- Title card from the series
- Genre: Docu-series
- Directed by: Jesse Vile Ellena Wood
- Country of origin: United Kingdom
- Original language: English
- No. of seasons: 1
- No. of episodes: 4

Production
- Production company: Netflix

Original release
- Network: Netflix
- Release: 16 December 2020

= The Ripper (TV series) =

British true crime miniseries

The Ripper is a British true crime four-part docuseries directed by Jesse Vile and Ellena Wood, released on Netflix on 16 December 2020.

==Synopsis==
The four-part miniseries recounts the events and investigation surrounding the murders of 13 women in West Yorkshire and Manchester, England between 1975 and 1980 by the serial killer Peter Sutcliffe. Journalists noted the similarities to the murders conducted by the notorious Jack the Ripper, and nicknamed the unknown perpetrator the Yorkshire Ripper. This series follows the chronology of events, told through interviews with investigators, journalists, survivors and family members of victims.

==Episodes==

| No. | Title | Directed by | Original release date |
| 1 | "Once Upon a Time in Yorkshire" | Ellena Wood | 16 December 2020 |
In the 1970s, the brutal murders of sex workers in economically depressed areas of the UK spark little public interest — until a teen is also killed.
| 2 | "Between Now and Dawn" | Jesse Vile | 16 December 2020 |
As the killer continues to prey upon women, police hope that tire tracks and a victim's 5-pound note may finally lead to a suspect.
| 3 | "Reclaim the Night" | Ellena Wood | 16 December 2020 |
Police release phone calls and handwriting samples from a suspect.

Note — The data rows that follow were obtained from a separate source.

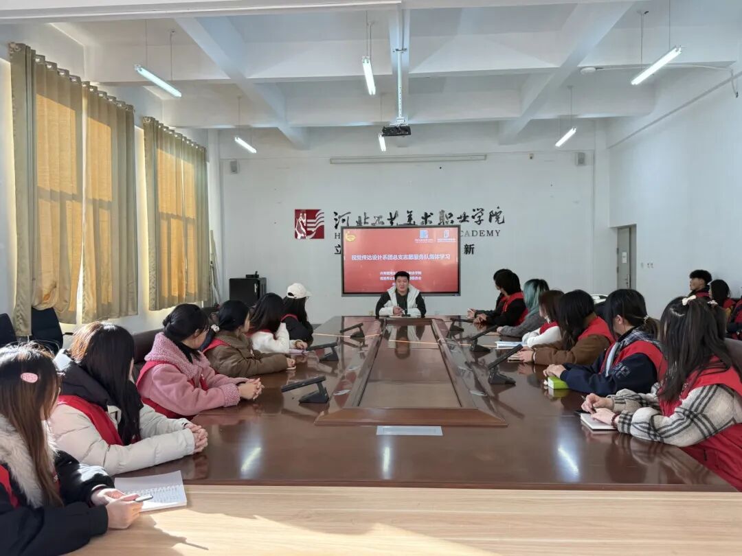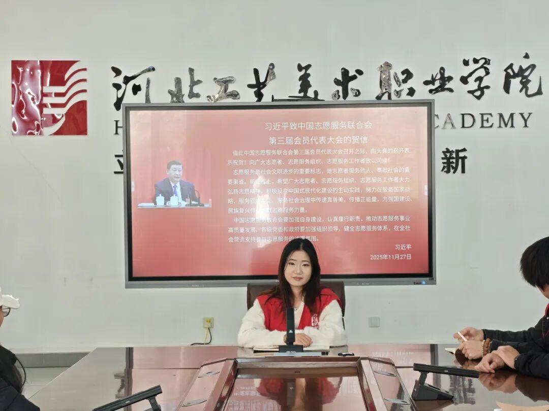 在2025年国际志愿者日来临之际,2025年12月3日,河北工艺美术职业学院视觉传达设计系志愿服务队开展专题学习活动,深入领会习近平总书记致中国志愿服务联合会第三届会员代表大会的贺信精神,凝聚“奉献、友爱、互助、进步”的青春力量,让志愿精神在设计青年心中扎根生长。视觉传达设计系团总支负责人赵骄阳出席学习。系团总支志愿服务部全体成员、系志愿服务队各品牌负责人及志愿者代表参加学习。
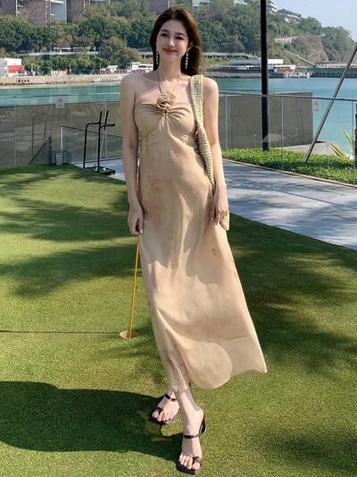 Summer New Sweet Princess Style Dress, Spaghetti Strap High-Quality Stereoscopic Floral, Textured Ruffle Beach Vacation Dress For Women Sundress-65%
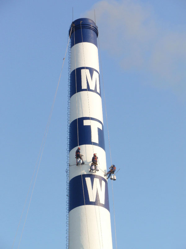 (二)電廠冷卻塔、尿素造粒塔、化纖排氣塔、水泥儲罐、飼料筒倉內外壁清理,防腐蝕工程。發電廠的電力高空安全作業:高空維修、高空安裝、高空建筑工程、油漆防腐、高空清洗美化、防水封漏、防水涂料粉刷及石油化學化工設備防腐保溫和煙囪的煙道煙氣環保脫硫除塵、環保衛生檢測等高空作業的工程。
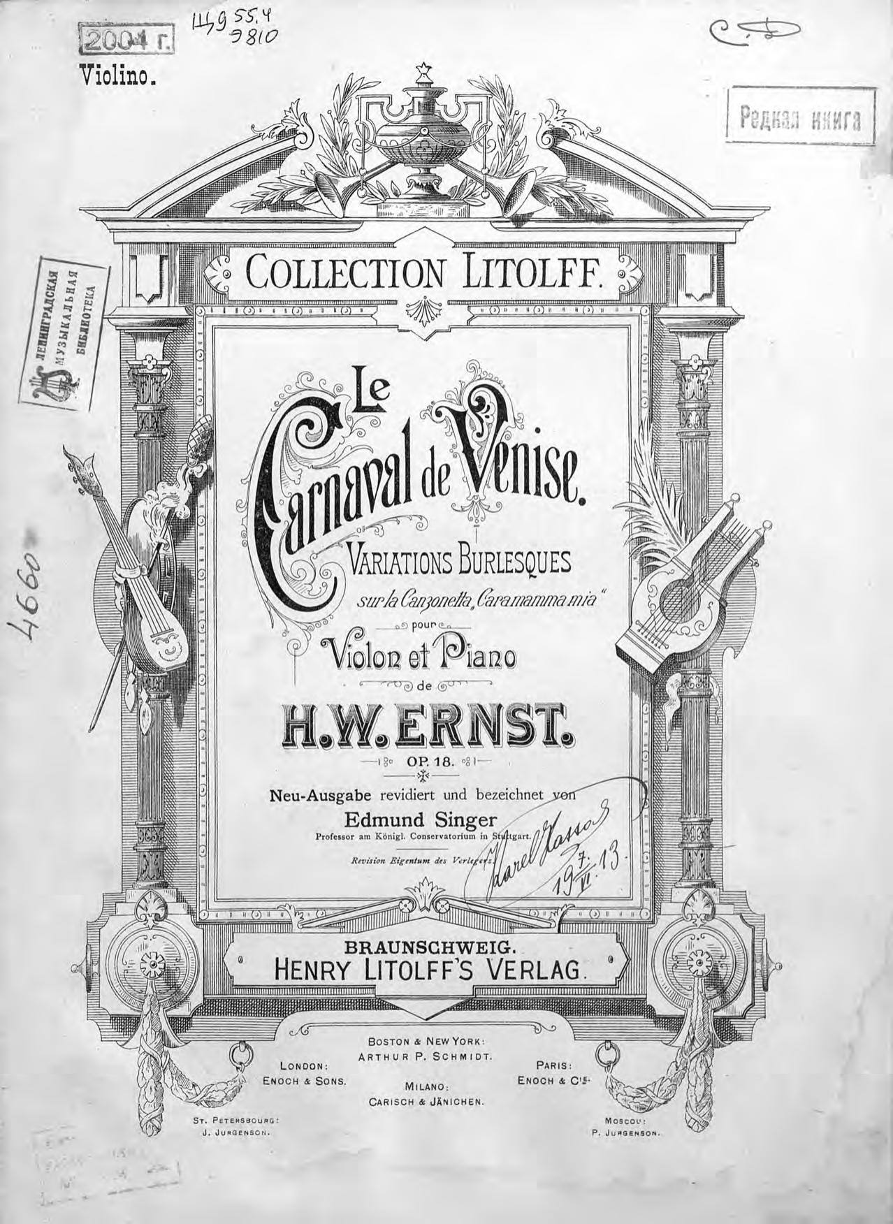 Перешедшие в общественное достояние материалы электронного фонда ЦГПБ им. В.В. Маяковского. Сведения о издательстве или типографии: H. Litolff. Место издания: Брауншвейг

Women protest law enforcement's continued inability to catch the Ripper.
| 4 | "Out of the Shadows" | Jesse Vile | 16 December 2020 |
More than five years after the first attack, the police finally make an arrest, setting off a media frenzy and accusations of a botched investigation.

==Release==
The Ripper was released on Netflix on 16 December 2020.